### [Brief]
The lines to copy run from the one containing "- Safety Skin-Friendly" to the end of the listing. Please write them out exactly, minus the pictures.

### [Collected material]

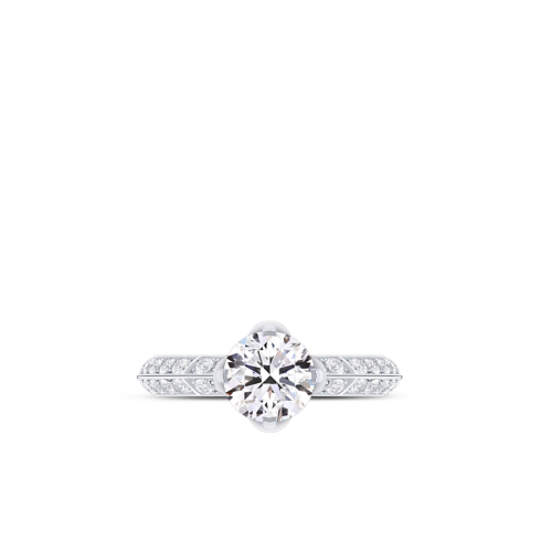 Au centre de cette superbe bague LV Diamonds se trouve un diamant taille brillant niché dans une monture en forme de fleur de Monogram. Il est entouré d'un anneau en platine en forme de V serti d'un pavage de diamants scintillant. Sous la pierre centrale, une ouverture raffinée en forme de fleur de Monogram lui confère un accent emblématique. Cette pièce s'accompagne d'un certificat LV Diamonds, un document numérique unique et immuable qui précise les caractéristiques du diamant central et l'ensemble de son parcours, de l'extraction au sertissage final. Ce certificat sécurisé bénéficie de la technologie du consortium Aura Blockchain. Ce bijou peut être personnalisé pour offrir un souvenir unique.
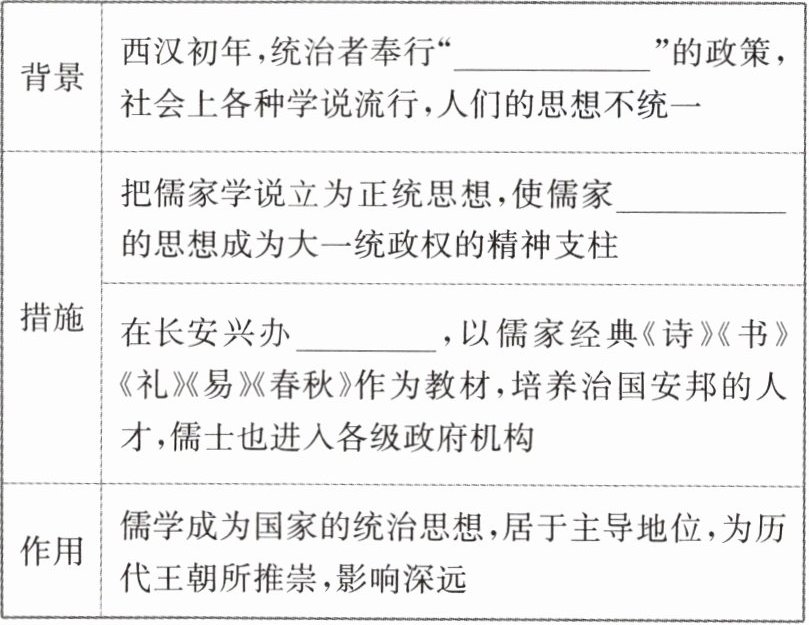 |背景|西汉初年,统治者奉行“______”的政策,社会上各种学说流行,人们的思想不统一|
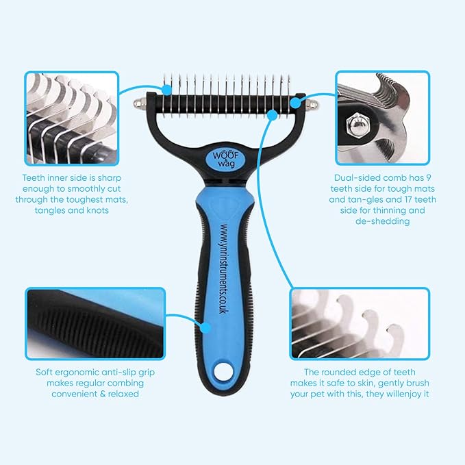 - Safety Skin-Friendly Design: YNR Woof & Wag stainless steel pet hair remover features sharp yet fine rounded teeth that won't scratch your pet's skin. The sharp inner teeth easily cut through tough mats, tangles, and knots without pulling. Perfect for safe and effective grooming.
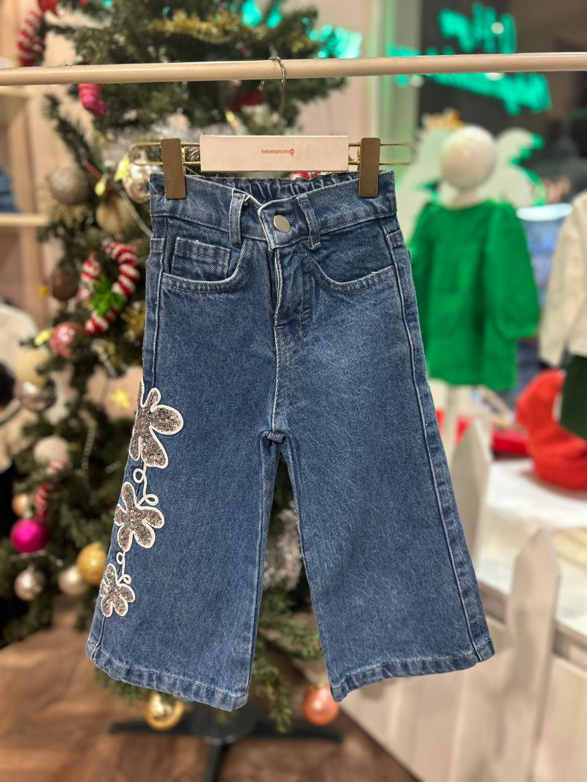 İŞLEME VE PUL DETAYLI BOL PAÇA KOT PANTOLON Koyu Mavi

### [Solution to this task]
 - Safety Skin-Friendly Design: YNR Woof & Wag stainless steel pet hair remover features sharp yet fine rounded teeth that won't scratch your pet's skin. The sharp inner teeth easily cut through tough mats, tangles, and knots without pulling. Perfect for safe and effective grooming.
 İŞLEME VE PUL DETAYLI BOL PAÇA KOT PANTOLON Koyu Mavi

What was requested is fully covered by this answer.